MAMA: Images - elements and formats

By Brian Wilson

Index:

  1. Introduction
  2. IMG element
  3. INPUT Type="image"/Src
  4. Background attribute of BODY, TABLE, TD, and TH elements
  5. MAP and AREA
  6. How many images were encountered?
  7. Image formats
  8. Image formats in combination
  9. Other image formats

Introduction

Inline images have become an integral part of the Web since they were first introduced in Mosaic 0.1 beta just over 15 years ago. Indeed, the graphical nature of the Web is definitely one of its biggest selling points. It was a natural part of MAMA's evolution to study image usage—3,219,487 URLs in the set analyzed used the IMG element—that's 91.74%! Extra scrutiny was given to the most popular image formats in use today: GIF, JPEG, and PNG. Due to some of the limitations MAMA had and the unknown nature of what it might encounter, the image analysis was somewhat conservative. MAMA was designed to download objects serially instead of in parallel. This strategy worked fine for downloading one, two, or several page components at a time, but if this was done for every inline image there would have been a serious degradation in MAMA's per-URL analysis duration. As a result, it only kept track of various image quantities and stayed away from looking at information on image dimension, file size, or other format metadata.
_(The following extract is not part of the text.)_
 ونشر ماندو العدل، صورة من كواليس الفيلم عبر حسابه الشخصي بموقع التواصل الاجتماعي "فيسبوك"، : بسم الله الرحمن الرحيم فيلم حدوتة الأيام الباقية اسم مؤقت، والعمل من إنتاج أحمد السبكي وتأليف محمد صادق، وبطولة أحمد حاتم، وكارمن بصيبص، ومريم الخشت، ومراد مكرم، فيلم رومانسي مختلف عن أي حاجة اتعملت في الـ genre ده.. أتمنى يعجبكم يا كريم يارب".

MAMA will hopefully do more in the future to detect these pieces of data and other image specification vectors.

Elements and attributes used to display or control image behavior

MAMA detected image usage in the expected way—using the Src attribute of the IMG element. It also allowed for some of the other popular ways to specify images, but not all of them. For instance, it did detect the Background markup attribute used by the BODY|TABLE|TD|TH elements, as well as the Src attribute of the INPUT Type="image" construct. However, MAMA did not try to detect images specified using the OBJECT element this time, and it has not (yet) looked for images defined using CSS properties such as "background-image". In future crawls, attempts will be made to broaden image usage detection.

IMG Element

The IMG/Src method of specifying an image was obviously going to have very high usage—and with 91.74% using it, that is indeed the case. Considering the image use rate in another constructive way—as a percentage of URLs where an image was specified using any MAMA-detectable manner—the ratio skyrockets. Total image usage occurred in 3,233,208 of MAMA's URLs, so the percentage for this alternate view is 99.57%! It can be said that when images are specified in a document, at least one of them will almost always be via the IMG/Src method.
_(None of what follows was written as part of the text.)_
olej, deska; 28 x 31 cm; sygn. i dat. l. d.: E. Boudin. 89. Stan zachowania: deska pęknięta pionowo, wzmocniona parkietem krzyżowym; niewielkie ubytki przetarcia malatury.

There are some attributes that pair naturally together in the IMG element, so we should examine how often they occur together. The Height and Width attributes are used together in 2,937,843 cases, indicating a clear authoring preference for explicit specification of both aspects of an image's dimensions. The Hspace and Vspace attributes are used together 354,011 times, with horizontal padding around an image (Hspace), enjoying a significant lead when used solo. An expected pairing between Usemap and Ismap, however, did not materialize in the figures very often (only 18,825 times).

Fig 2-1: IMG element/attribute frequency
ELEMENT/AttributeFrequency  ELEMENT/AttributeFrequency  ELEMENT/AttributeFrequency
IMG3,219,487    Align1,134,698     Ismap32,131
    Src3,219,304    Name875,461     Longdesc25,413
    Width2,957,808    Hspace526,348     Lowsrc24,944
    Height2,945,989    Usemap447,774     Loop4,016
    Border2,810,265    Vspace445,580     Start2,100
    Alt2,520,939    Title367,132   

INPUT Type="image"/Src

The overloaded INPUT element allows an image to be specified as a graphical submit button using the Src attribute. This form of image embedding has a higher representation than I anticipated, with about one-third of URLs using graphical submit buttons instead of INPUT Type="submit".
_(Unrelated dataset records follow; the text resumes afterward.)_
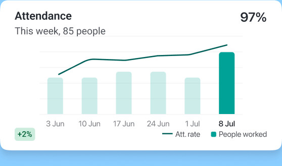 A plataforma disponibiliza dados que permitem tomar decisões informadas sobre a equipa. Desta forma, pode analisar as tendências de assiduidade, planear os turnos com mais precisão e ajustar rapidamente a equipa em resposta às necessidades operacionais, o que conduz a uma maior eficiência e poupança de custos.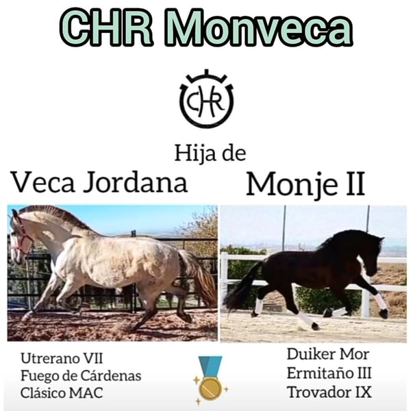 CHR Monveca Yegua castaña oscura PRE, nacida en 2025, con aires especiales. Preciosa potra castaña oscura/negra nacida en 2025, que destaca por su elegancia. Con una alzada actual de 150 y en adulta sera aproximadamente 167 cm. 3 aires especiales y muy elegantes. Ideal para jinetes que buscan una yegua con carácter y muy buen temperamento. Perfecta para entrenamiento, competición o como futura yegua de cría. Nacida y criada en casa particular y muy socializada a pasear por la calle.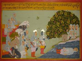 | Description / विवरण | Miniature painting based on Mahabharat - Gada parva, Pandavas have arrived at the palace where Duryodhan was hiding, the fighters came down of Chariots and went to the place where Duryodhan was hiding and telling Yudhisthir that here Duryodhan is hiding. |

Fig 3-1: INPUT TYPE="image"/SRC attribute frequency
ELEMENT/AttributeFrequency
INPUT1,008,545
    Src337,286

Background attribute of BODY, TABLE, TD and TH elements

The role that these early presentational attributes serve is now more effectively filled using CSS, but a surprising number of URLs still use Background. The most popular usage of this type is with the TD element, where almost 25% of URLs using a TD element also have the Background attribute.

Fig 4-1: Background attribute frequency
ELEMENT[Attribute]Element
Frequency
Attribute
Frequency
Percentage
BODY[Background]3,452,907634,61718.38%
TABLE[Background]2,894,184281,2099.72%
TD[Background]2,891,972714,70624.71%
TH[Background]148,3445,3543.61%

MAP and AREA

These elements defining Client-Side Image Maps (CSIM) naturally pair together, as neither element serves any effective purpose without the other. The numbers certainly bear this out, with 452,944 URLs having BOTH MAP and AREA elements (~99% of URLs using either). One has to wonder why the few remaining cases that do not use the elements together even exist—are they just the flotsam of dead markup?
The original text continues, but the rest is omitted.